- Subject: Re: [jed-users] Confusing behavior of transpose_lines
- From: Rafael Laboissière <rafael@xxxxxxxxxx>
- Date: Sun, 4 Jan 2026 09:30:31 +0100
* Rafael Laboissière <rafael@xxxxxxxxxx> [2026-01-03 14:47]:
This bug report has been filed against the Debian package for jed:
https://bugs.debian.org/1124550
While I don't believe it to be a harmful bug, the outcome of the
transpose_lines command is prone to confusion.
I narrowed down the problem. The behavior of transpose_lines is normal in
version pre0.99.20-183. However, in version pre0.99.20-186, transpose_lines
scrolls down the buffer, causing the first line to disappear from the
window.
By the way, I found another way to expose the strange scroll behavior:
Create a file with this content:
1
2
3
4
5
6
Open it in JED and go to the beginning of the buffer (line "1").

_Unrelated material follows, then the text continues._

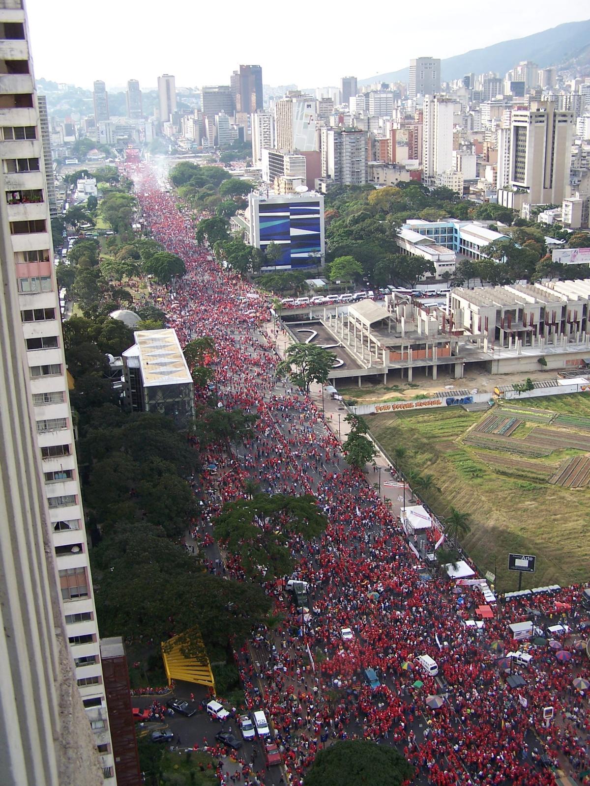 Manifestation en soutien à Hugo Chavez, lors de son passage sur l'avenida Bolivar. Au fond, l'estrade devant accueillir Hugo Chavez. La

Set
the mrk (Ctrl-Space), go down two lines (to line "3"), copy the region
(ESC-w) and yank the region (Ctrl-y). In version pre0.99.20-183, the
behavior is normal. In version pre0.99.20-186, however, the buffer
scrolls up two lines.
Best,
Rafael
P.S.: I have noticed another thing that might be worth discussing
regarding the transpose_* functions. There are a transpose_chars and a
transpose_lines functions. There is also a swap_words function. For
consistency's sake, should not the latter be named transpose_words?
Furthermore, these functions do not behave consistently. After
being executed, the transpose_chars and transpose_lines both position the
cursor after the second transposed element. However, the swap_words function
positions the cursor between the two transposed elements.